I think it’s very sad that the president would allow a presidential press podium to be used to mock a political opponent, and I think that many people were and are offended by that. This is a democracy. We should have as many voices out there as possible. We should have as many people running in an election as feel moved. Nobody has a monopoly on good ideas. There are ideas on the left and ideas on the right. There are ideas all across the spectrum, and this is a point in American history where we as Americans should hear them all.
MarketWatch: What do you think are some of the main things that President Biden has gotten right, and in what areas has he gone wrong?
Williamson: Well, the first thing he did right was he defeated Donald Trump. The president has taken an incremental approach to America’s problems, and I believe that he does wish to alleviate the suffering of many people whose lives are affected by some deeply unjust systems. But I don’t think that the alleviation of stress is enough right now. We need fundamental economic reform.
We also need a serious answer to climate change, and the president’s approval of the Willow project is not that. The president has said that he recognizes that climate change is an existential crisis, and yet he has given more oil CL00, +0.34%
permits than even Donald Trump did, and he has approved the Willow project.
The Democratic House and Senate — they did cut child poverty in half with the child tax credit, but then, when that expired six months later, they didn’t bother to permanentize it.
These are the kinds of half-measures and incremental measures which are not enough to change the fundamental economic patterns in this country that lead to so much chronic economic anxiety and despair.
Joe Biden is shown in conversation in August 2019 with Marianne Williamson during an event for Democratic presidential candidates in Clear Lake, Iowa.
AFP via Getty Images
MarketWatch: One thing that comes up often with President Biden is his age, which is 80, while you’re 70. Do you think his age should be a concern, or is it ageism to bring it up?
Williamson: I think the individual has to consider this themselves. I have a problem, of course, contributing to the conversation because of the issue of ageism. But on the other hand, everybody can see for themselves what they can see for themselves.
I can only say if I were 80, I wouldn’t be running.

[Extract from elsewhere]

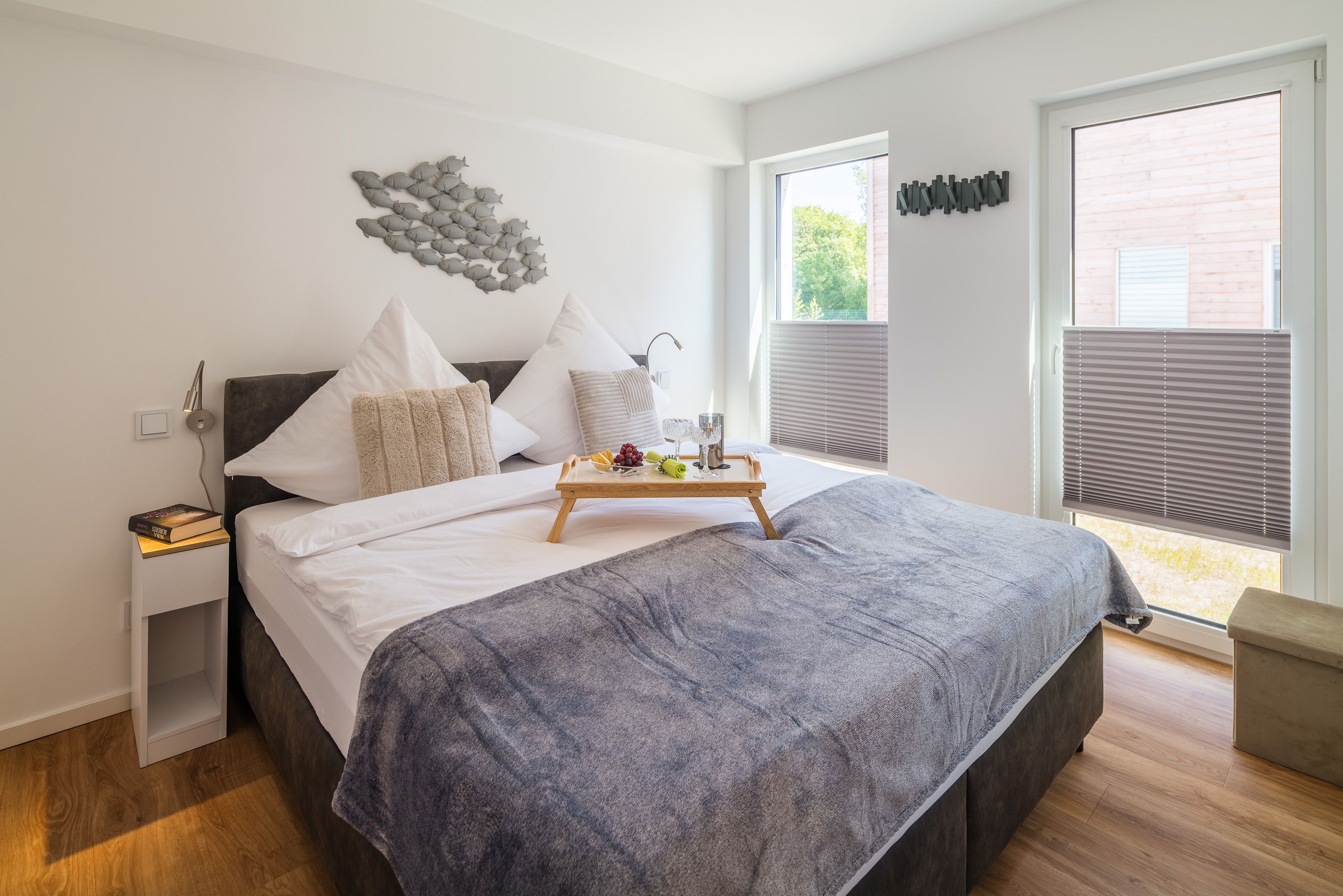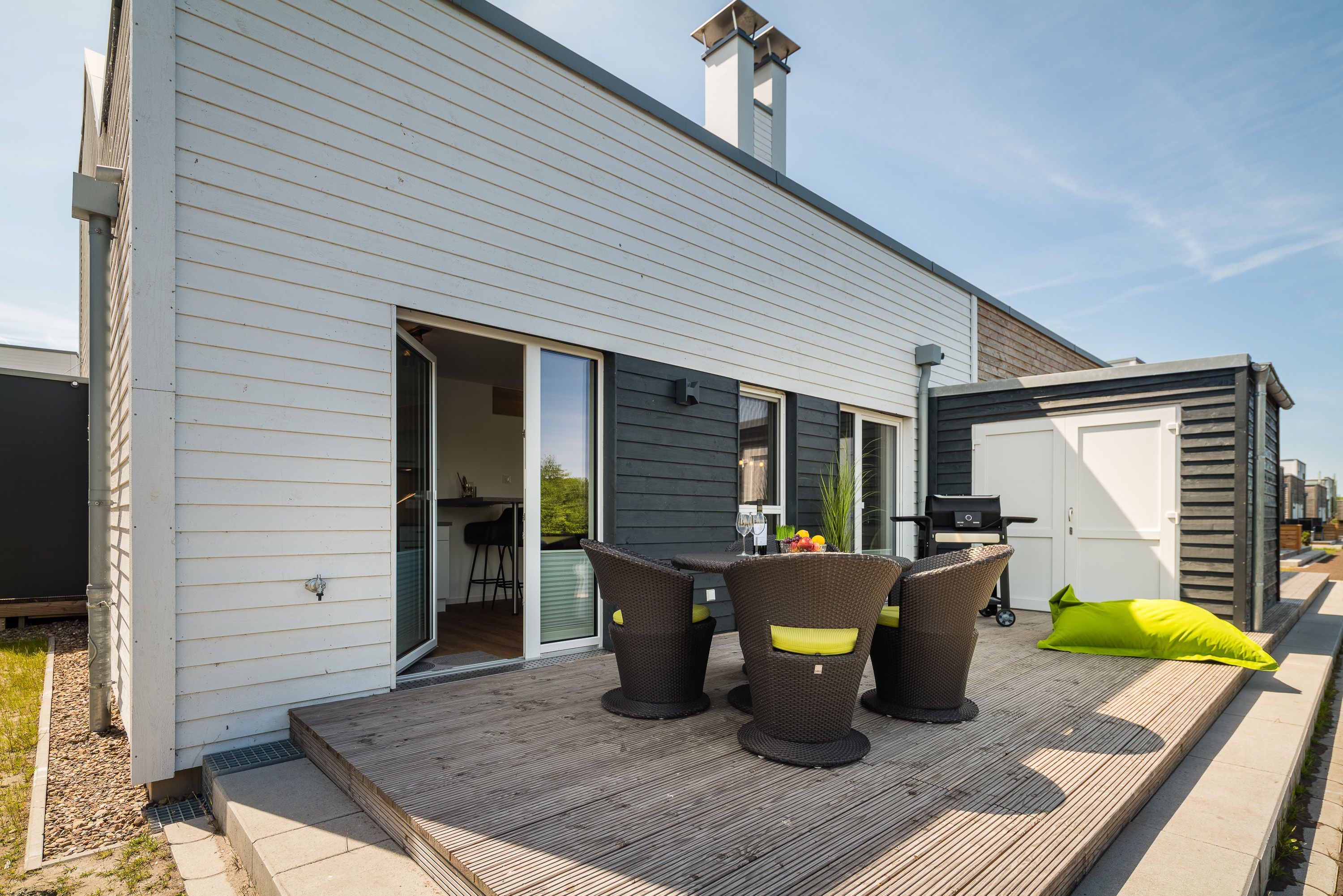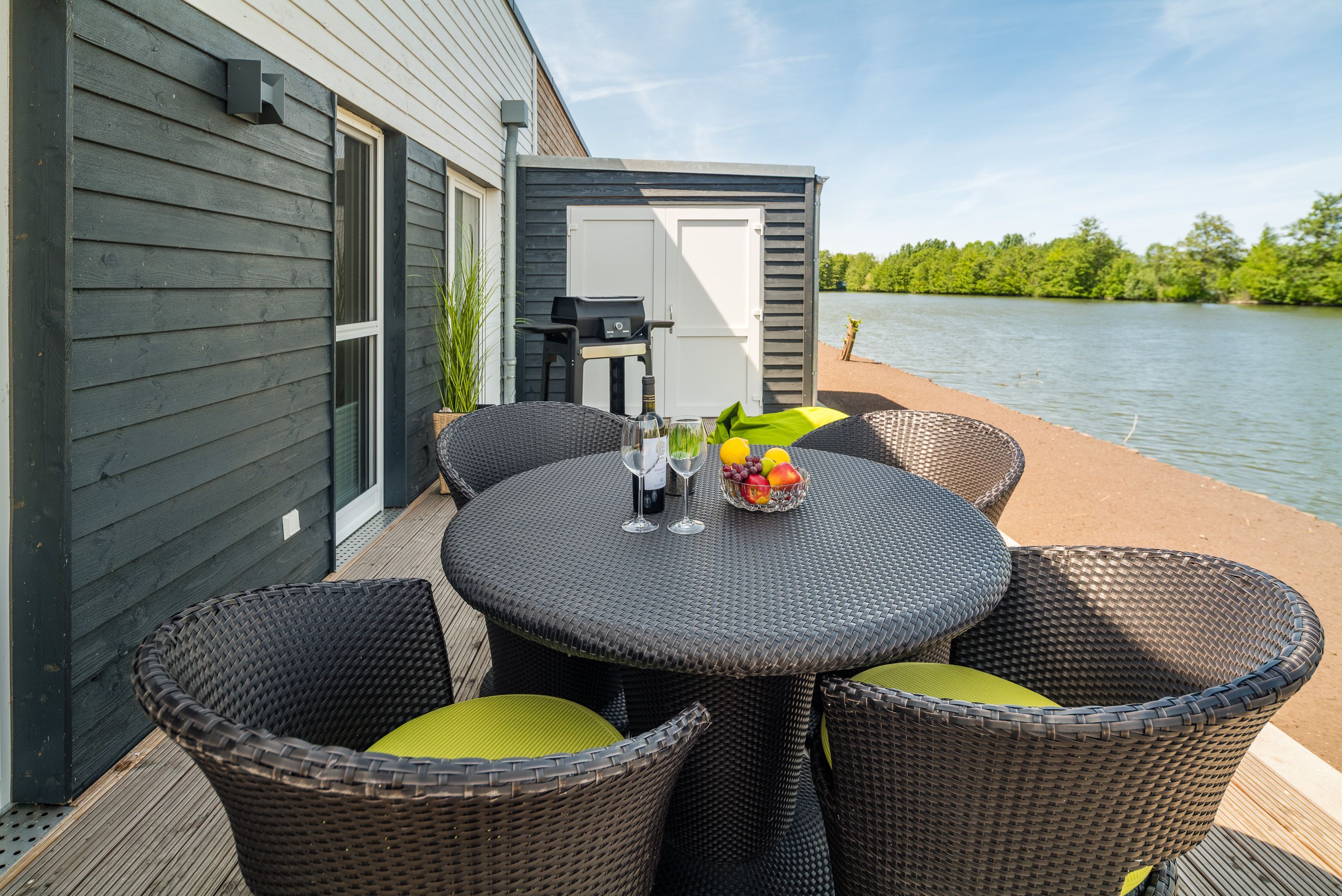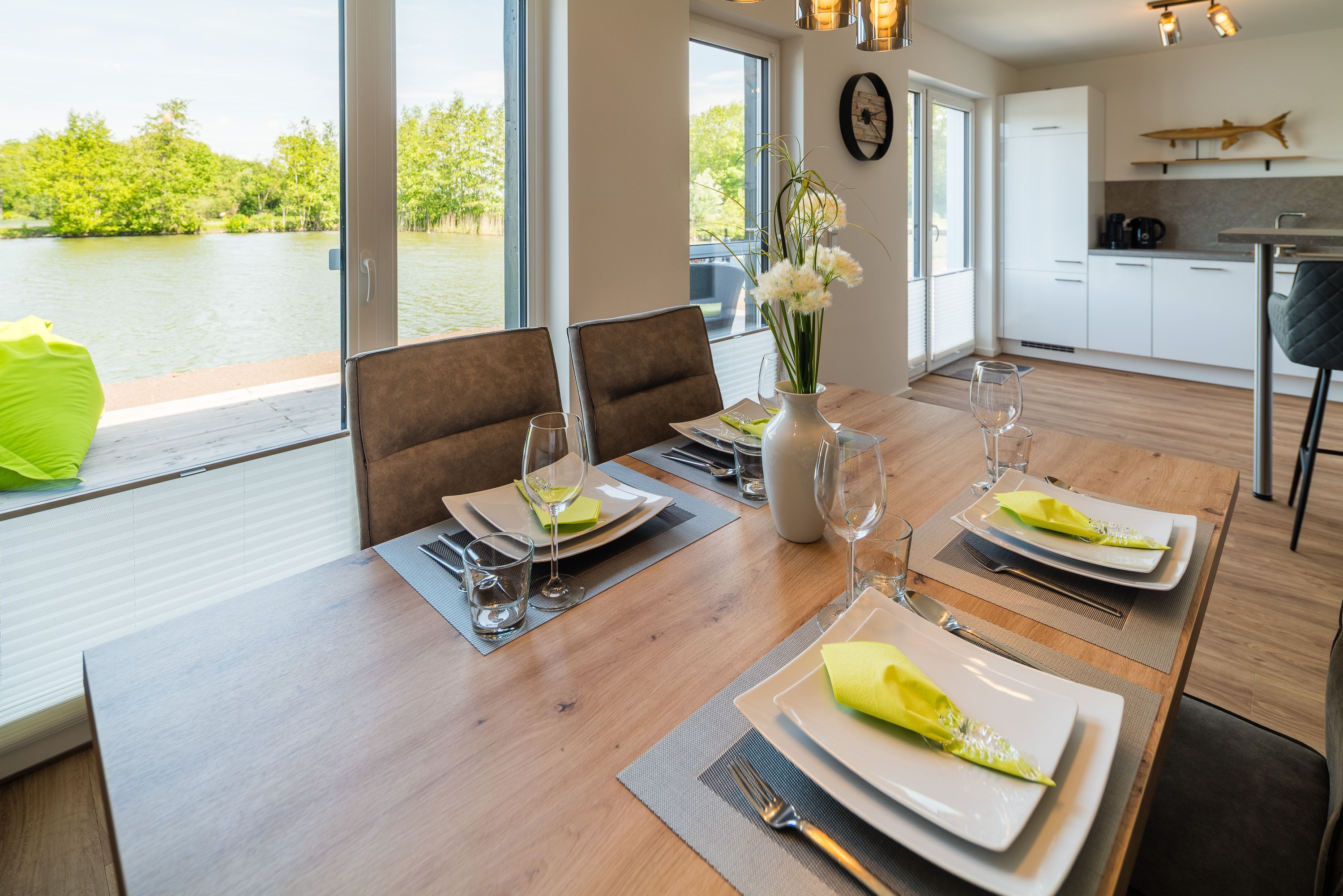 Unser großzügiges Ferienhaus bietet Platz für bis zu vier Personen. Es verfügt über zwei gemütliche Schlafzimmer, ein modernes Badezimmer und einen offenen Wohnbereich mit voll ausgestatteter Küche. Der lichtdurchflutete Wohnraum ist der ideale Ort, um nach einem ereignisreichen Tag zu entspannen. Die große Terrasse mit Blick auf den See lädt dazu ein, den Sonnenuntergang bei einem Glas Wein zu genießen.

But you know, I will not take potshots at the president, and I think that veers into potshots.
MarketWatch: Let’s talk about taking on Donald Trump, Ron DeSantis or whomever the Republican nominee ends up being. Why do you think you’re the Democrat who could end up beating one of them?
Williamson: Republicans are going to throw some big lies at the Democrats in 2024, and the only way that we’re going to defeat them, in my opinion, is to tell some big truths. Franklin Roosevelt said we would not have to worry about a fascist takeover in this country as long as democracy delivered on its promises. Democracy has not delivered on its promises. The only way to beat Donald Trump or Ron DeSantis in 2024 is to propose an agenda in which democracy once again delivers on its promises to the majority of the American people. And that would mean the issues I mentioned before: universal healthcare, tuition-free college, free child care, a guaranteed livable wage and paid family leave. Those are given to the citizens in every other advanced democracy, and there is no good reason whatsoever why they are not delivered to the average citizen in the United States.
MarketWatch: There are Democrats who could be challenging President Biden for the party’s 2024 nomination, but they aren’t and instead they’re supporting him. Why aren’t there more efforts in the party to get people to run for president?
Williamson: Well, you’d have to ask them why they’re not running. But there’s clearly a trope that the field should clear, and everybody should simply get in line with the opinion of the Democratic establishment that Biden is the man because they have decided so. I don’t see it that way. I believe the Democratic primary voters — and independent voters and anyone else, if it’s an open primary — they should decide who the Democratic candidate is. To me, that’s what democracy is. That’s what elections are about.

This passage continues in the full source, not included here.